Из ванной ринулась в твою комнату, ни на секунду не умолкая:
— Водичкой поите? Хорошо! Писает часто? У-ю-ю, какие мы сердитые! Ну-ка,
Вдруг она умолкла и ниже склонилась над тобой. Потом нашарила в кармане халата очки и, надев их, молча продолжала рассматривать какой-то неожиданный гнойничок на сморщенной красной спинке.
— Что-нибудь не так? — насторожился я.
— Еще как не так! — пробормотала она. — Ага, вот еще один. Под мышкой… И за ушком… Все это, папа, очень похоже на стафилококковую инфекцию. А где мать?
— В больнице, — упавшим голосом сказал я. — Скажите: насколько это опасно?
— Опасно! — энергично ответила она. — Но вы, папа, не психуйте. Ребеночка мы госпитализируем, там его антибиотиками поколют.

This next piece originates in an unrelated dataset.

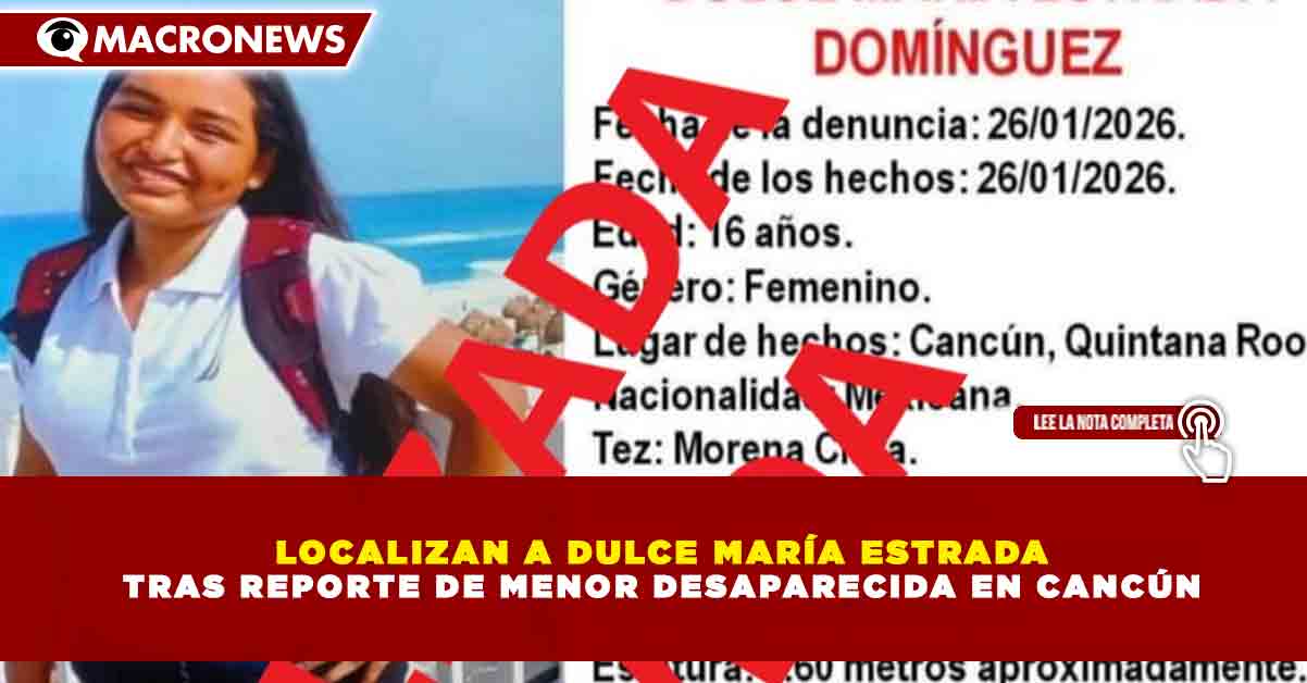 Autoridades de Quintana Roo confirmaron la localización con vida de Dulce María Estrada, luego de que se activara un reporte por la desaparición de dos menores en Cancún, situación que generó alerta entre familiares y cuerpos de seguridad.

Что и говорить, мужик, большое это было для меня облегчение — сбыть тебя с рук на больничный харч и государственный уход. Но что-то не испытал я большого облегчения.
— Как — в больницу? Одного?
— Одного, одного, — бодро подтвердила медсестра. — Не с вами же… Вы только в руки себя возьмите, мужчина, что-то лица на вас нет. Сейчас малыша еще доктор наш посмотрит и быстренько выпишет направление.
Она вынеслась из квартиры, а я запеленал тебя, сел возле кроватки и стал на тебя смотреть. И стал, мужик, представлять тебя, пятидесятитрехсантиметрового, на большой-то больничной койке, и огромный шприц со здоровенной иглой, которую всаживают в твою крошечную попку, и как ты бессмысленно орешь при этом, не понимая, откуда взялась боль и за что она.
Участковая наша врачиха, к счастью, оказалась не такой энергичной особой. Она осмотрела тебя, помолчала, спросила про мать и, наконец, сказала:
— Как участковый врач, я должна настаивать на госпитализации. Но как мать троих детей и бабка пятерых внуков, очень советую вам воспротивиться и оставить его при себе. Выпишу антибиотики, наша медсестра будет приходить к вам на уколы четыре раза в день. Не смотрите, что она торпедная, уколы делает великолепно. Только заплатите ей, конечно, она не обязана. А подработает с охотой, она троих гавриков одна поднимает… Будем надеяться на хороший исход. — И, почему-то понизив голос, добавила: — У нас, разумеется, лучшее здравоохранение в мире, но родной отец есть родной отец. Вы меня поняли?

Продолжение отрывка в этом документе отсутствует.